[Start of section]

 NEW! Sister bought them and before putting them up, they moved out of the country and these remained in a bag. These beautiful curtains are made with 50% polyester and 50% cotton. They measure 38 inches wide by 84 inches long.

[End of section]
[Start of section]

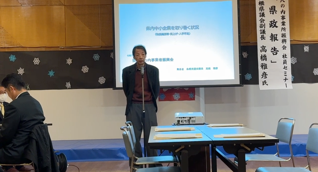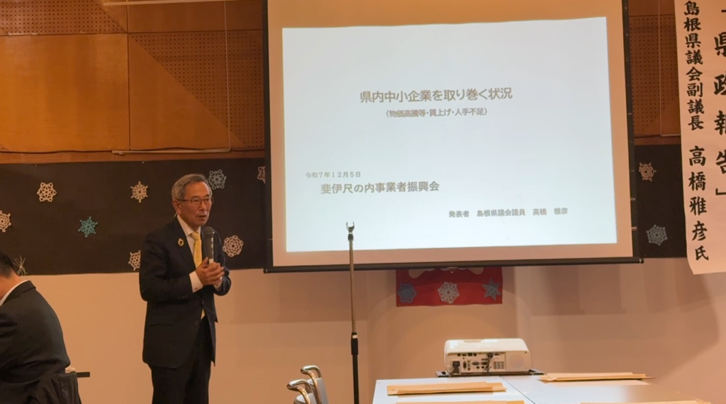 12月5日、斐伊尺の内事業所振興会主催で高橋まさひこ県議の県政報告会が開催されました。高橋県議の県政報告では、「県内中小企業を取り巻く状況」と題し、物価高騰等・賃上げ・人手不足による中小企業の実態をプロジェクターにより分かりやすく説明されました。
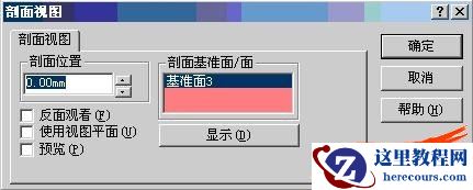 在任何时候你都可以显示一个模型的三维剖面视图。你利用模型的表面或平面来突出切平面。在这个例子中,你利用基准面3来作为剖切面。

[End of section]
[Start of section]

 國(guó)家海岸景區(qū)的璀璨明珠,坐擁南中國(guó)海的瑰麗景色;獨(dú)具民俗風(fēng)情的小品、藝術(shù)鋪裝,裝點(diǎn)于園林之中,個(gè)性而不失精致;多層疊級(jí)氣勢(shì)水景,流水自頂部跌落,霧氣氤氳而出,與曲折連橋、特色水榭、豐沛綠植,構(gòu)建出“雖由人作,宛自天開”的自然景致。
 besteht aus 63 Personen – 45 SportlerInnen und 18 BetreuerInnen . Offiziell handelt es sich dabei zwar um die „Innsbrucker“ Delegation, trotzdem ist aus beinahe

[End of section]

> **BRIEF**
Using only the entries above, output the line with "國(guó)家海岸景區(qū", the line with "besteht aus 63", and all lines between them, exactly as they stand.

> **OUTPUT BELOW**
 國(guó)家海岸景區(qū)的璀璨明珠,坐擁南中國(guó)海的瑰麗景色;獨(dú)具民俗風(fēng)情的小品、藝術(shù)鋪裝,裝點(diǎn)于園林之中,個(gè)性而不失精致;多層疊級(jí)氣勢(shì)水景,流水自頂部跌落,霧氣氤氳而出,與曲折連橋、特色水榭、豐沛綠植,構(gòu)建出“雖由人作,宛自天開”的自然景致。
 besteht aus 63 Personen – 45 SportlerInnen und 18 BetreuerInnen . Offiziell handelt es sich dabei zwar um die „Innsbrucker“ Delegation, trotzdem ist aus beinahe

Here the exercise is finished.